I must be nuts, I don't have a cat, my grandaughters (3) now have two rescued cats that I hear they just love and luckily the cats sound good natured and have fit into the family. To get to your question about water. I just bought and will bring to them a "Ultra Bubbler." Uses an aquariim type pump put to keep the water bubbling, thus will keep it fresh. I'll let you know how successful it is. Decided against the fountain style because a co-worker's cat refuses to drink from it. She thought the plastic was holding an odor or something. I know cats like fresh water and feeding only dry food requires cats to drink more. My daughter says she has no time to research so I get the job. Thank God for the internet, I've been researching.


----------



## OctoberinMaine (Sep 12, 2006)

Anything called a bubbler for a Wisconsin person sounds perfect!  My Mom grew up in Milwaukee, so I know full well what a bubbler is.
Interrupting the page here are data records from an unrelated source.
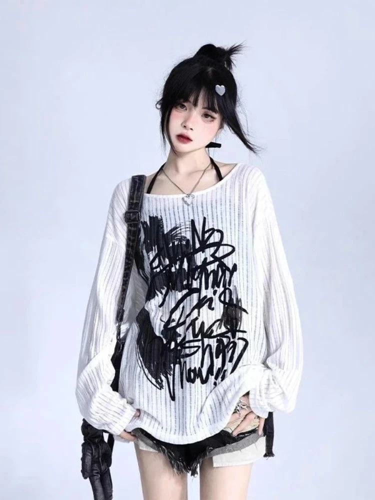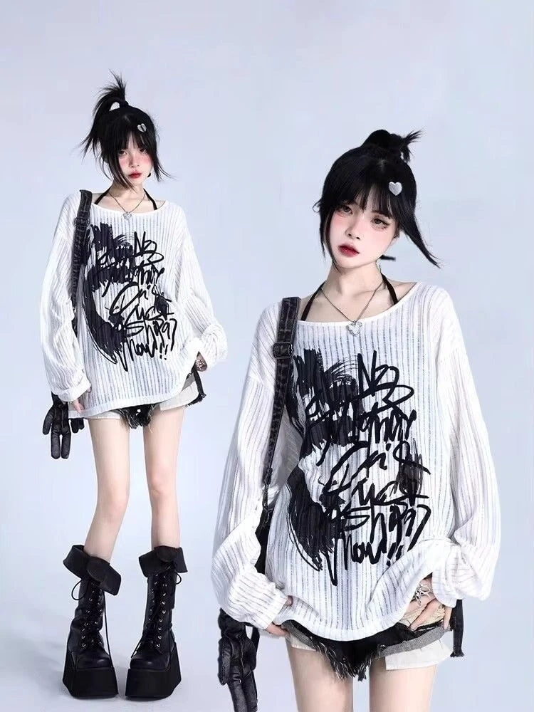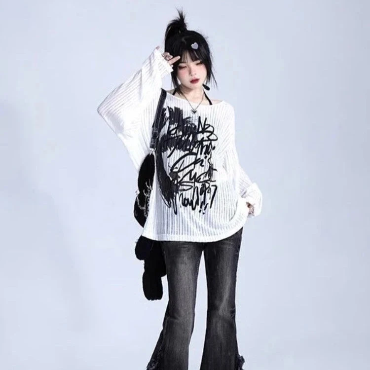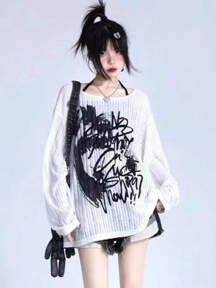 Loud print. Laid-back feel. The Graffiti Mood Oversized Long Sleeve is for the ones who live in their headphones, sketch in the margins, and style themselves like walking art. With a slouchy silhouette, ribbed texture, and chaotic-black graffiti scrawl across the front, this top gives big soft rebellion energy.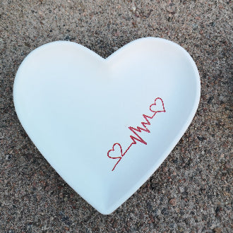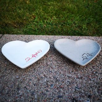 Detta söta lilla fat går att använda till mycket. Tex att lägga bla smycken eller nycklar på, eller varför inte använda det som ett ljusfat, ett litet blockljus eller värmeljus. Låt fantasin flöda. Dessa fat säljer jag till förmån av Hjärt & Lungfonden, 50 % av kostnaden går direkt till fonden. Dom finns i vit och naturell grå.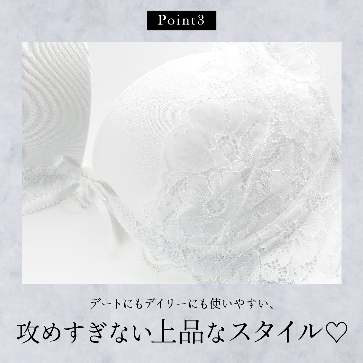 デートにもデイリーにも使いやすい、ワンカラーのシンプルなレースデザイン。攻めすぎない上品なスタイルに彼もきっとドキドキしちゃうハズ☆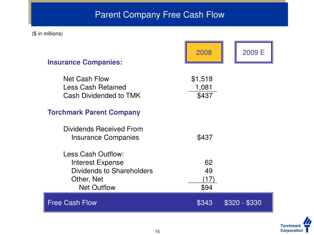 Insurance Companies Net Cash Flow ($ in millions) 2008 2009 E Cash From Operations Insurance Underwriting $485 Excess Investment Income 608 Income Taxes and Parent Expenses (180) $494 608 (171 ) Net Cash From Operations $931 $940 - $960 Investment Maturities 587 587 600 Net Cash Flow $1,518 $1,540 - $1,560 Torchmark Corporation 14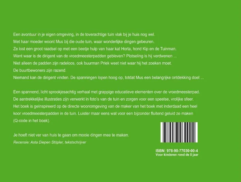 Een spannend, licht sprookjesachtig verhaal met grappige educatieve weetjes over de vroedmeesterpad. De aantrekkelijke illustraties zijn verwerkt in foto’s van de tuin en zorgen voor een speelse, vrolijke sfeer.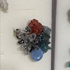 This stunning ring features a vibrant cluster of crystals in red, blue, and silver tones. Perfect for adding a touch of elegance to any outfit.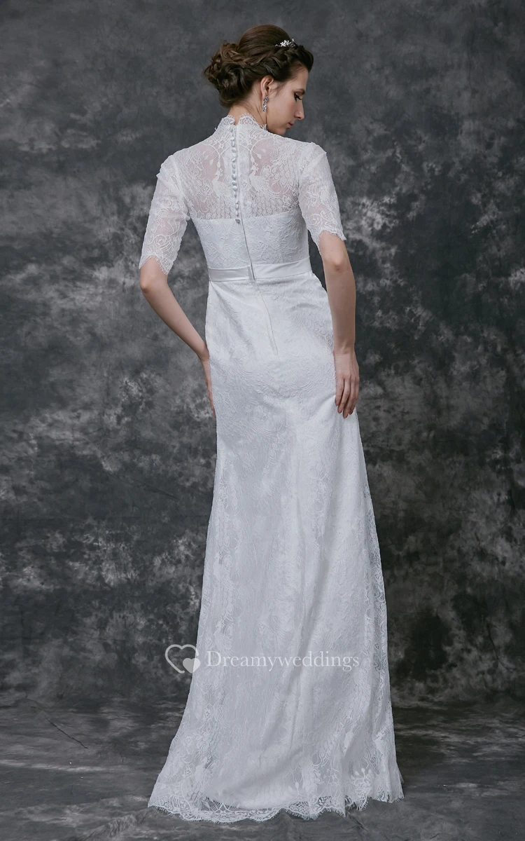 Noble Half Sleeve High Neck Form Fitted Lace Gown With Pleats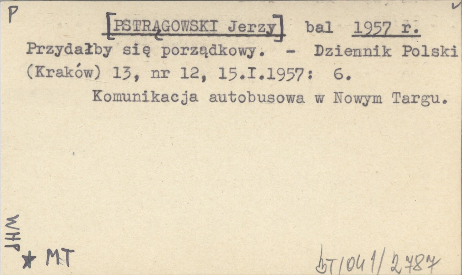 Dziennik Polski (Kraków) , 13, nr 12 (15 I 1957): 6. Komunikacja autobusowa w Nowym Targu.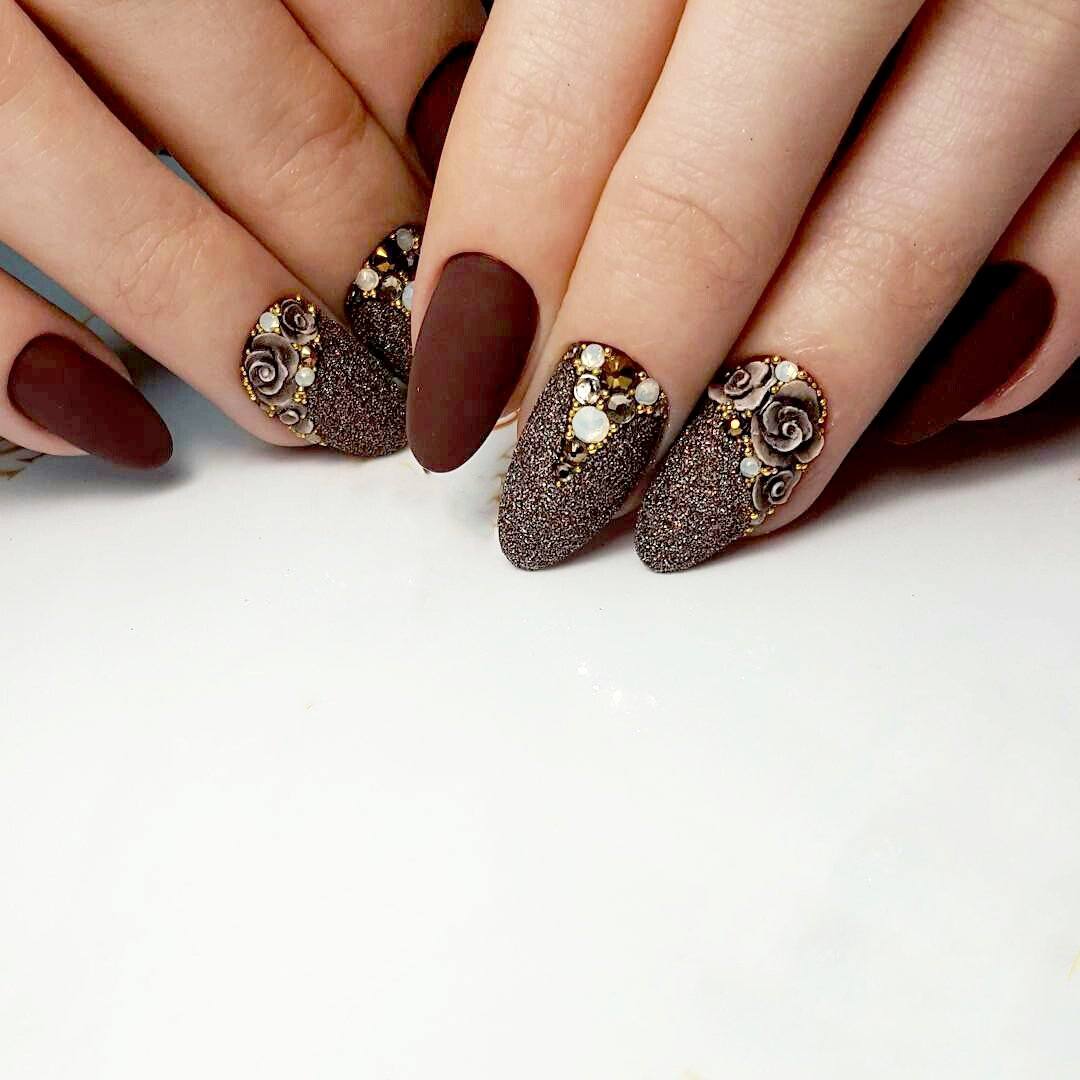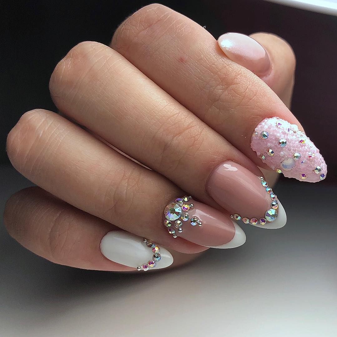 Добавьте в свой маникюр больше игры света при помощи красивейших кристаллов. Уже доказано, что лучи, преломляющиеся на множественных гранях, ассоциируются с роскошью и праздником в сознании человека. Все любят драгоценные камни и стразы хорошего качества. Разноцветные кристаллы и стразы сделают узор на ногтях праздничным и оригинальным.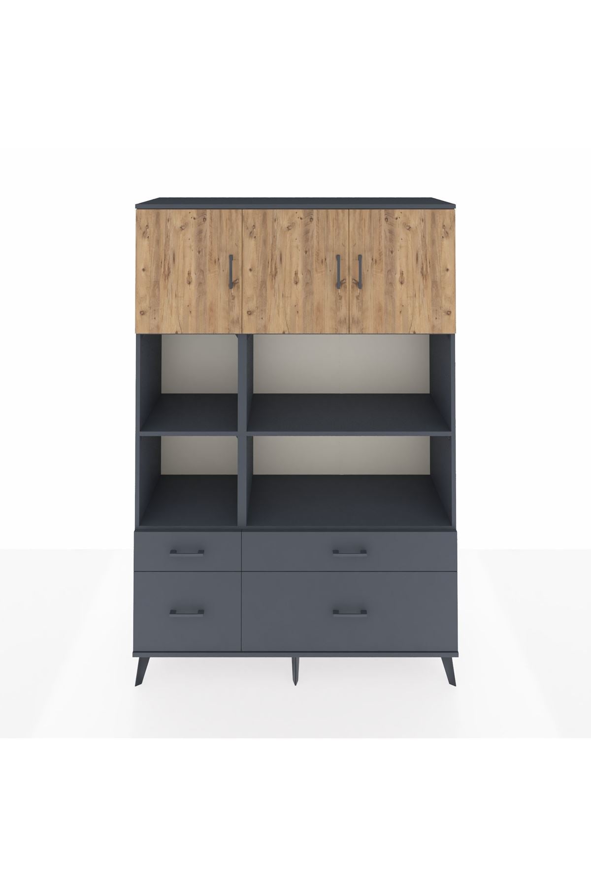 Hyperion Dolap 8 Raflı 4 Çekmeceli 3 Kapaklı 132x44x195 Antrasit-Çam/Antrasit
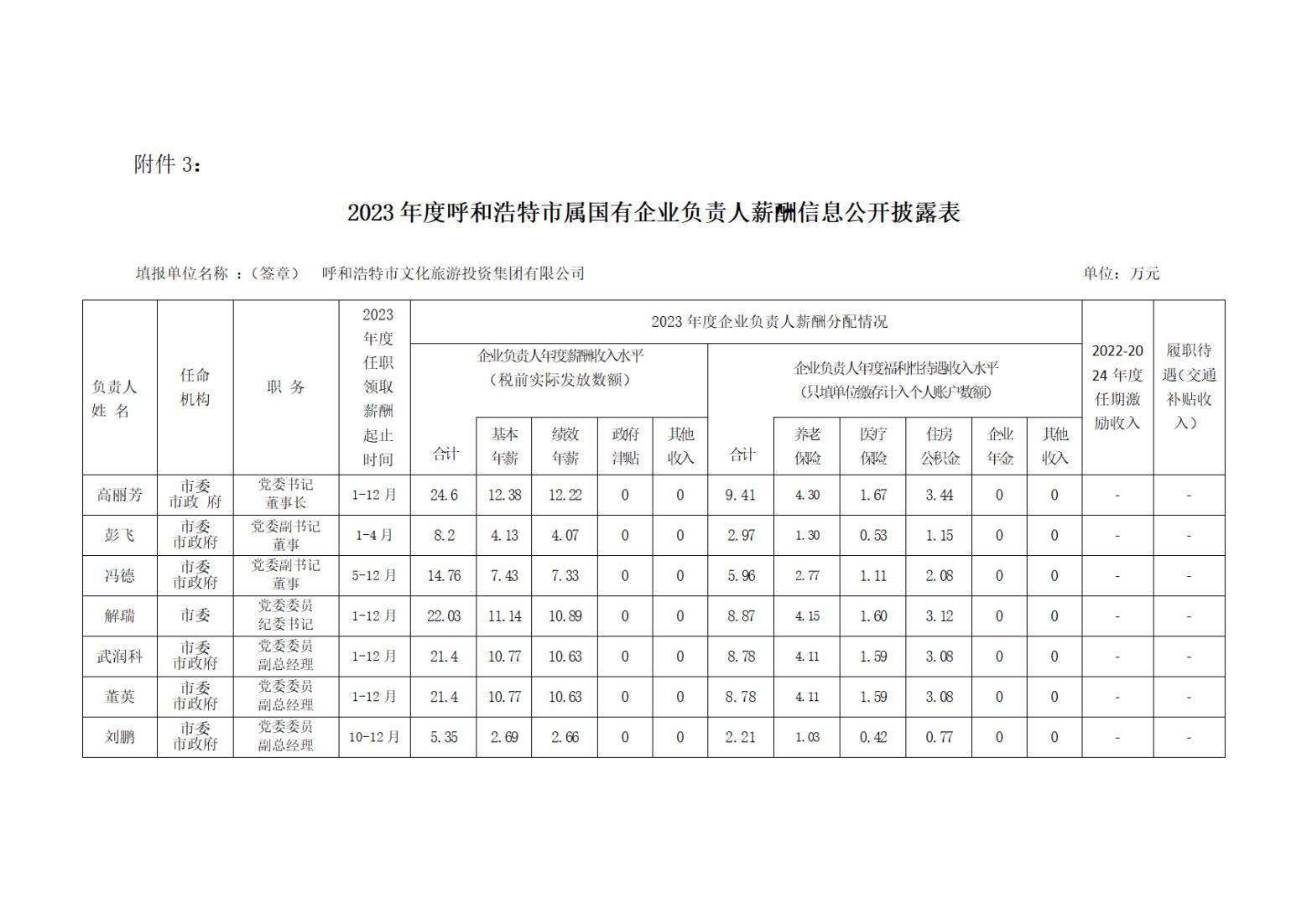 ? ??現(xiàn)將2023年度呼和浩特市直屬國(guó)有企業(yè)負(fù)責(zé)人薪酬信息公開(kāi)披露。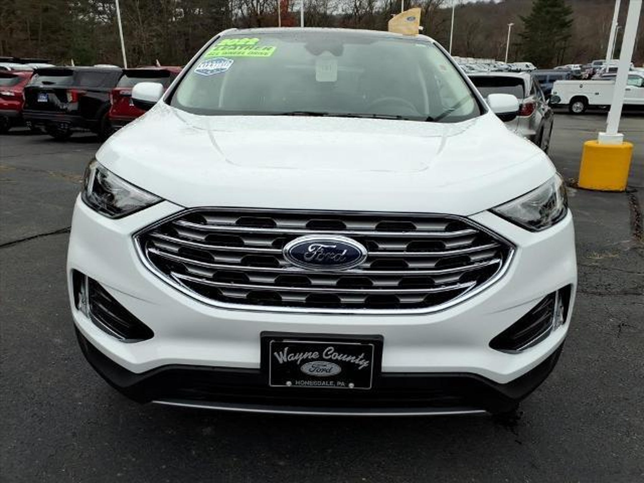 WAYNE COUNTY FORD WE MAKE THE DIFFERENCE. ONE OWNER, FORD CERTIFIED, CLEAN CARFAX, SERVICED AND READY TO DRIVE HOME, NEW TO THE LOT THIS ONE WONT LAST, RARE FIND, 4WD/AWD, REMAINDER OF FACTORY WARRANTY, 28 HWY MPG, Edge SEL, 4D Sport Utility, EcoBoost 2.0L I4 GTDi DOHC Turbocharged VCT, 8-Speed Automatic, AWD, Oxford White, Ebony w/ActiveX Seating Material Heated Bucket Seats, 110V/150W AC Power Outlet, Class II Trailer Tow Package, Convenience Package, Equipment Group 201A, Fog Lamps w/Chrome Bezel, Panoramic Vista Roof, Perimeter Alarm, Power Liftgate, Remote Start System, SecuriCode Keyless Entry Keypad, Universal Garage Door Opener (UGDO), Wireless Charging Pad. Oxford White 2022 Ford Edge SEL AWD 8-Speed Automatic EcoBoost 2.0L I4 GTDi DOHC Turbocharged VCT Recent Arrival! 21/28 City/Highway MPG YOU CAN BUY FROM ANYPLACE WHY NOT BUY FROM THE PLACE THAT CARES ABOUT YOU.

(In Milwaukee, they're not water fountains, they're bubblers. To this day I call them that.)


----------



## Auntie Crazy (Dec 10, 2006)

Something I've noticed ('though I heartily second the encouragement to get rid of the dry food!) - I often see my cats drinking out of a bowl I put on one of their cat trees, but seldom see them drinking out of the main bowl in the kitchen. I'm assuming it's because their thirst drive is too low to send them into another room for a drink, but don't mind pausing for two seconds in their play to get a sip. Now, I have bowls scattered all over the house.


----------



## OctoberinMaine (Sep 12, 2006)

Same with me. I keep a bowl upstairs under his window perch, and he drinks from that pretty consistently. The bowl in the kitchen with his food, hardly at all.


----------



## Jack&Harley (Nov 2, 2008)

I keep a bowl in the upstairs bathroom and it gets much more usage than the one in the kitchen--they play upstairs more than downstairs so I think its convenient for them.

Leslie


----------



## nes (Feb 12, 2009)

My cats also LOVE to drink out my aquarium, I really need to get a better lid, however *it`s not good for your cats to drink out of the tank water*. Especially if he`s got urinary problems, but in a fish bowl you`re going to have a very high ammonium build up from fish poo because you don`t have a filter - and that`s not going to be good for your ailing kitty!

I would actually suggest a cold glass of bottled water! Our water is very hard and sneaking my drinking water when they think I`m sleeping is one of my cats favourite things to do! 

Of course they wake me up as soon as they spill it all over the floor...


----------



## mynameis (Feb 14, 2009)

I rarely see Coco drinking water, and I'm also getting worried. Thanks for the canned food soup idea, and the ice cubes idea. I'm sure curious Coco would love the ice cubes. Thanks!


----------